No one has previously investigated the quality of negative interaction sets and no standard methods exist to do this. We assessed the accuracy of the sets by measuring the level of overlap observed in a negative set with a true positive set, in this case the DIP yeast interaction set. The full DIP dataset is more useful when checking for overlap rather than gold standard sets such as DIP_MULTI as it is a relatively small set with only 2209 interactions. Coupled with the fact that our negative yeast interaction space is so vast (4 193 169) that no meaningful overlap would be detected.

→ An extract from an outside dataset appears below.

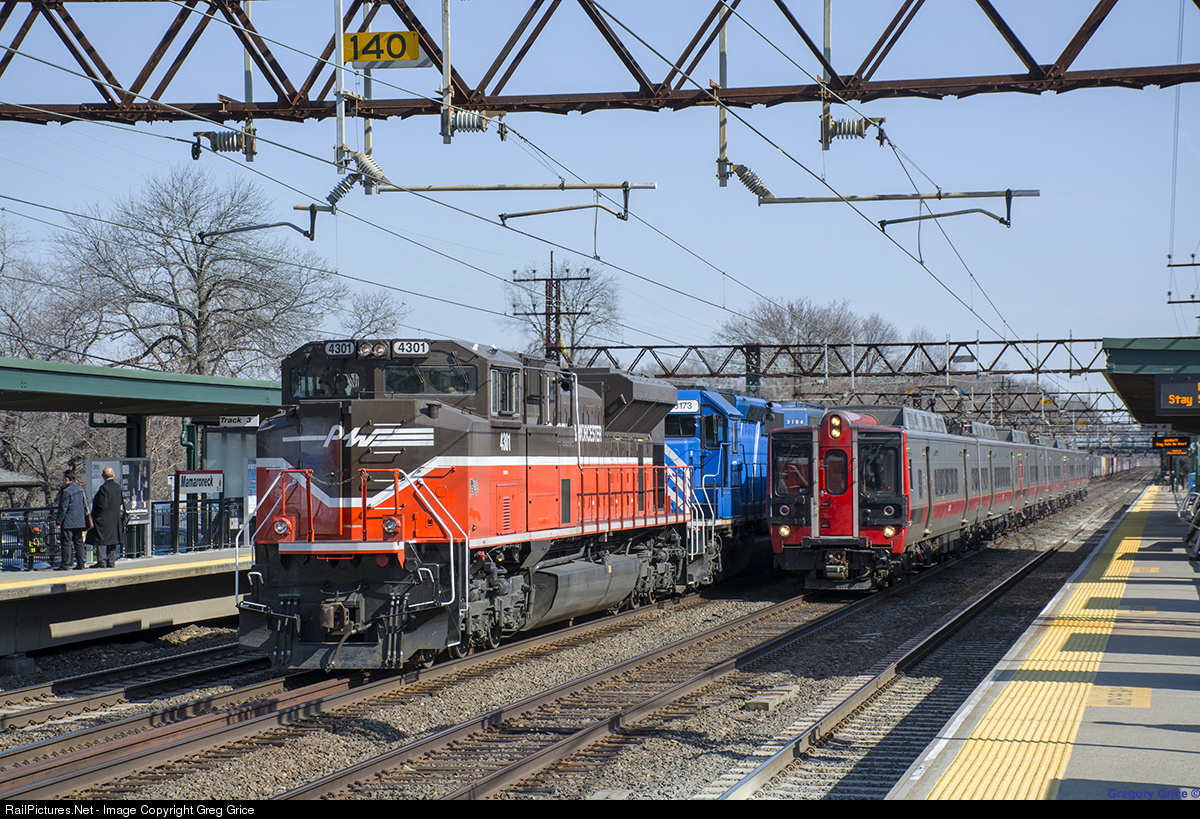 | "M8 Meets M-2 at Mamaroneck" A westbound New Haven Line Line train consisting of Kawasaki M8 railcars passes by outlawed Providence & Worcestor "CHFP" with EMD SD70M-2 4301 in the lead at Metro North's Mamaroneck Station. 4301 is one of two EMD SD70M-2's purchased by P&W from the FEC Railroad and modified to run on the Northeast Corridor. |

Figure 1 shows the average number of overlapping interactions between DIP and negative interaction sets generated using different methods. A total of 100 negative interactions sets of identical size to the DIP_FULL dataset (17 474 interactions) were generated using six different conditional methods as well as our combined method. These methods included: (1) Selecting interactions randomly, (2) selecting random interactors that did not have any paralogous pairs, (3) random interactors that had no homologous (i.e. orthologous and paralogous) pairs, (4) random pairs with no compartmental overlap, (5) no functional overlap and (6) co-expression correlation between −0.3 and 0.3.

Fig. 1.

Average overlap of DIP_FULL against 100 negative interactions sets containing 17 474 interactions generated using different methods. Random: proteins are paired as interactors randomly. No paralogues: random pairs which do not have any interacting paralogous pairs. No homologues: random pairs which do not have any homologous interactions. No co-localization: random pairs that do not have common localization. No co-expression: random pairs that have a co-expression correlation between −0.3 and 0.3. No co-function: random pairs that do not have similar functions. Set 7 uses a combination of all the six other factors and gives substantially lower overlaps. The error rate bars represent the standard deviation.

Fig. 1.

Average overlap of DIP_FULL against 100 negative interactions sets containing 17 474 interactions generated using different methods. Random: proteins are paired as interactors randomly. No paralogues: random pairs which do not have any interacting paralogous pairs. No homologues: random pairs which do not have any homologous interactions. No co-localization: random pairs that do not have common localization. No co-expression: random pairs that have a co-expression correlation between −0.3 and 0.3. No co-function: random pairs that do not have similar functions. Set 7 uses a combination of all the six other factors and gives substantially lower overlaps. The error rate bars represent the standard deviation.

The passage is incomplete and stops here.